Il dottore piegò la testa, appoggiò il mento al pomo del bastoncino.
— Senti, — disse, — io vado adesso a fare una piccola passeggiata: intanto ritornerà tua madre; poi verrò a prenderti e andremo assieme da Serafino.
— Non posso, fino a stanotte: aspetto prima una persona.
Così tutti erano d’accordo perché la «storia» finisse nel miglior modo possibile. E quando ripassò il brigadiere ella disse che era pronta a tutto, senza nascondergli che anche il povero Serafino desiderava vederla e darle qualche consiglio.
Egli parve contrariato, anzi un po’ geloso; ma si trattava di un moribondo, e diede il permesso di andarlo a visitare.

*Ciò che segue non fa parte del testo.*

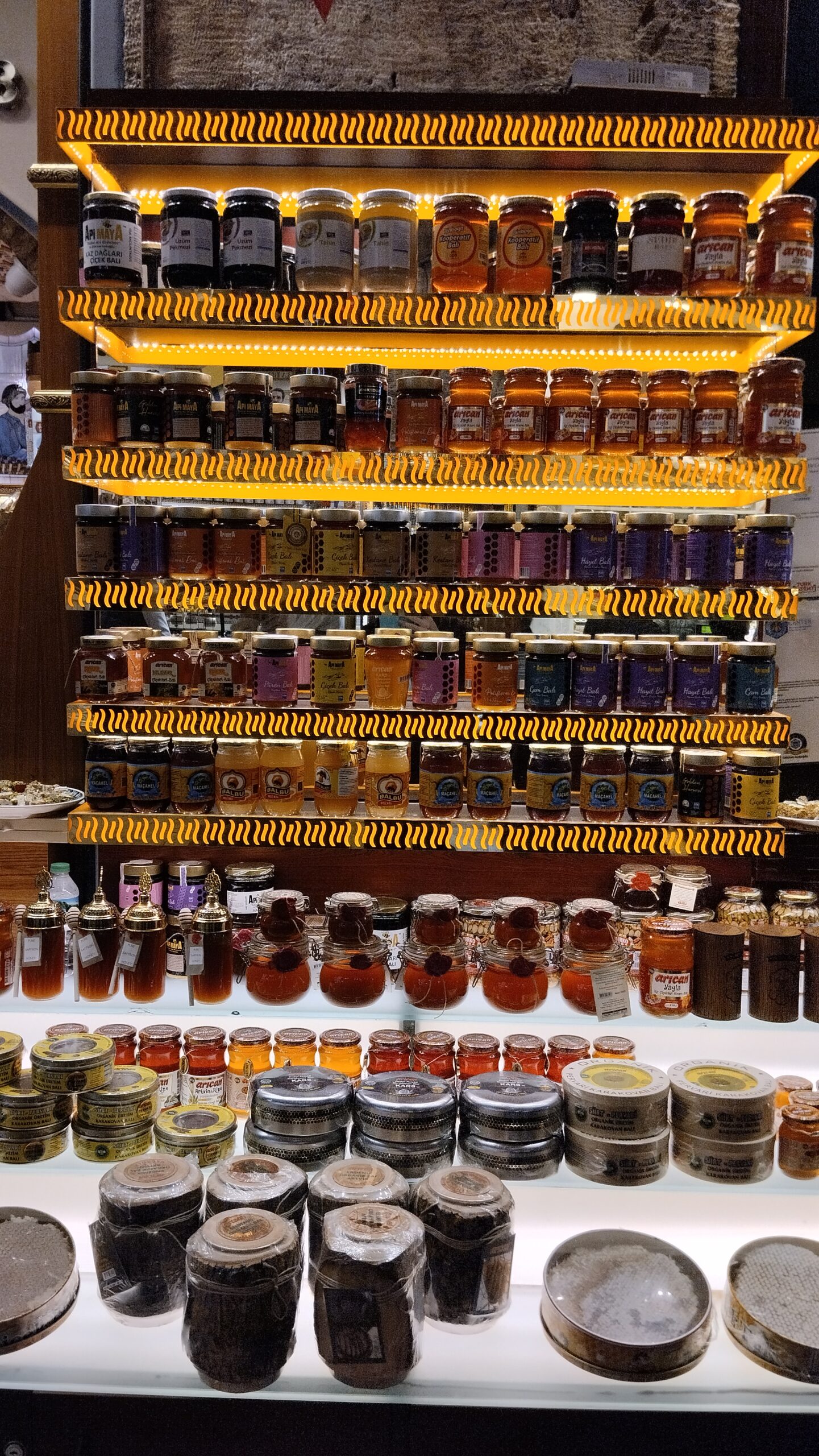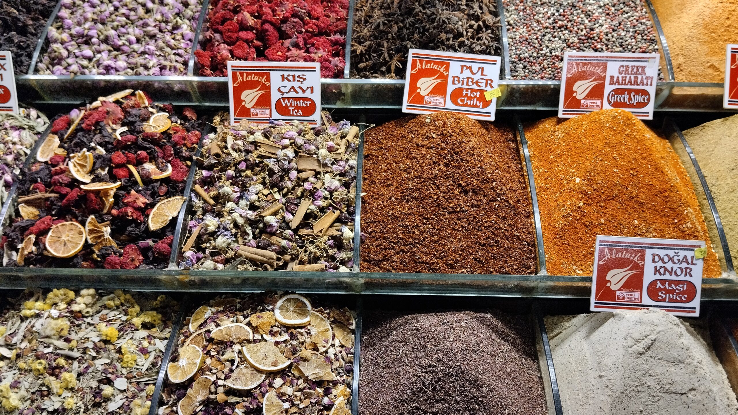 Λένε πως για να καταλάβεις αυτή την αγορά, πρέπει να μπορείς να ξεχωρίζεις τα μπαχαρικά από τις μυρωδιές τους. Δεν έχουν άδικο. Οι πάγκοι στο Καπαλί Τσαρσί είναι μια χρωματική πανδαισία γεύσεων και χρωμάτων που κανείς αναρωτιέται πώς μπορεί να μετουσιωθεί σε φαγητό. Μπαχαρικά, λουκούμια, αποξηραμένα φρούτα κάθε λογής, καφές και τσάι σε όποια γεύση τραβάει ο νους σας γεμίζουν τα τσουβάλια και τους πάγκους στην αγορά.

— Però lei deve promettermi, signorina, che non farà nulla, senza prima consultarmi. Troverò io il modo di farle avere un colloquio col signor Aroldi, e provvederò io alle spese per la partenza di lui: domani mattina sarò di nuovo qui.
Ella promise; e quando tornò il dottore si avvolse bene nello scialle e si allacciò forte le scarpe, quasi si trattasse di un lungo viaggio.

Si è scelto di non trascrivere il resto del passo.